MATERIAL SUPPLIED —
◇ ◇ ◇ ◇ ◇ ◇ ◇

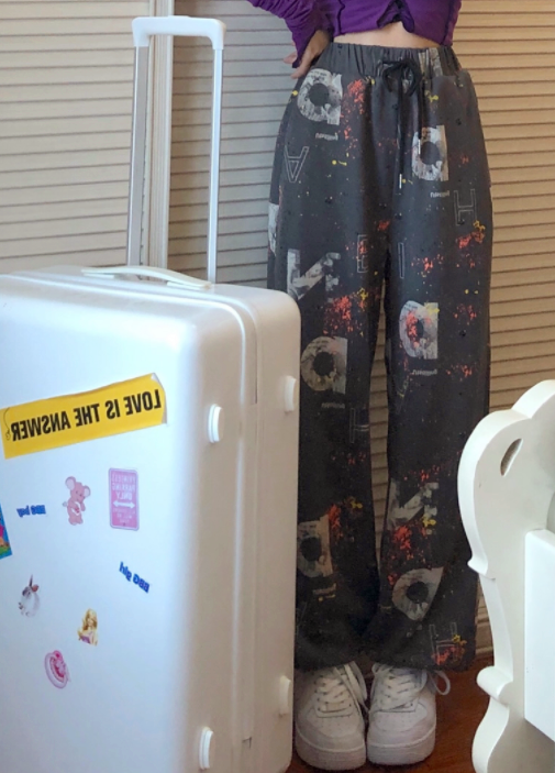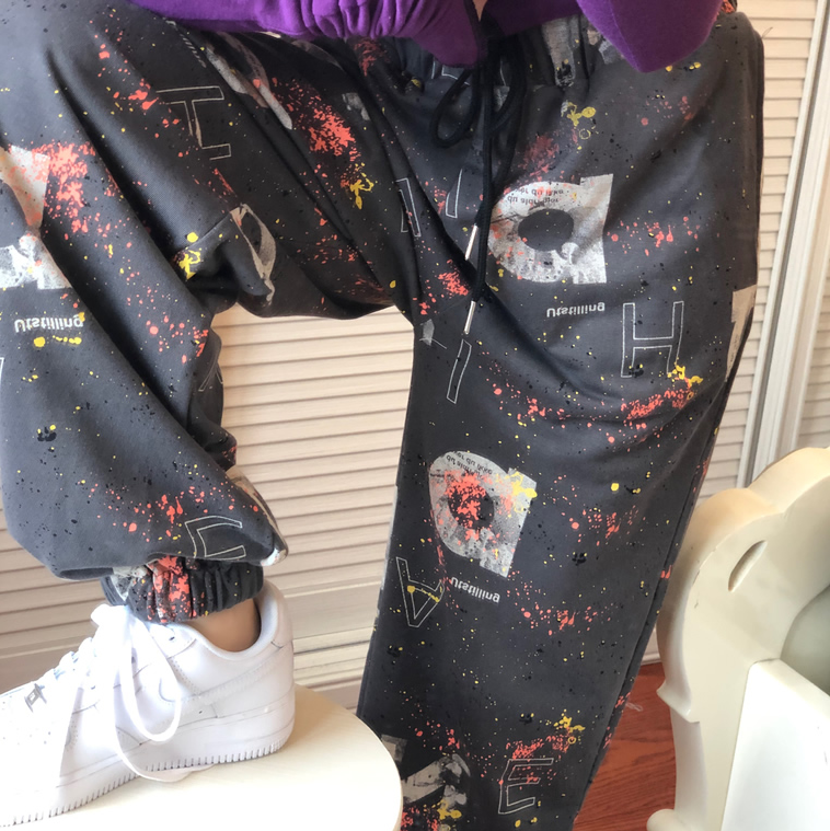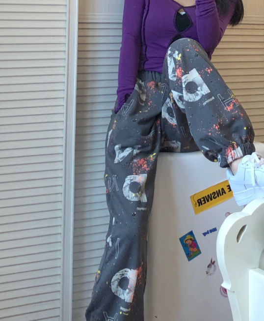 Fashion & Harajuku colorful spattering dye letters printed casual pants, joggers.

◇ ◇ ◇ ◇ ◇ ◇ ◇

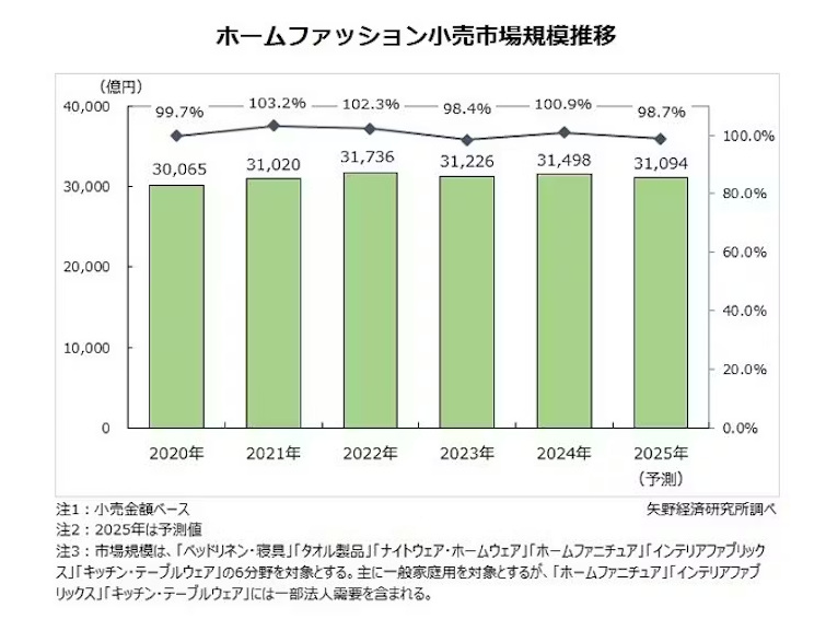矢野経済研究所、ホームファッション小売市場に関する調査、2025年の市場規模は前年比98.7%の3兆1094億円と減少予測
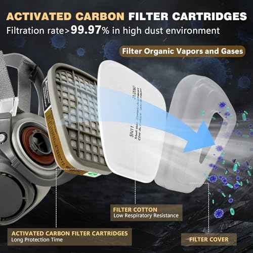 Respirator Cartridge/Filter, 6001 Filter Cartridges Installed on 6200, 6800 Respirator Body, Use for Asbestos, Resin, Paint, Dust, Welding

◇ ◇ ◇ ◇ ◇ ◇ ◇

EXERCISE REQUIREMENTS —
The answer must be the lines above from the one containing "矢野経済研究所、ホームファッ" through the one containing "Respirator Cartridge/Filter, 6001", reproduced exactly, with no pictures and nothing else.

OUTPUT BELOW —
矢野経済研究所、ホームファッション小売市場に関する調査、2025年の市場規模は前年比98.7%の3兆1094億円と減少予測
 Respirator Cartridge/Filter, 6001 Filter Cartridges Installed on 6200, 6800 Respirator Body, Use for Asbestos, Resin, Paint, Dust, Welding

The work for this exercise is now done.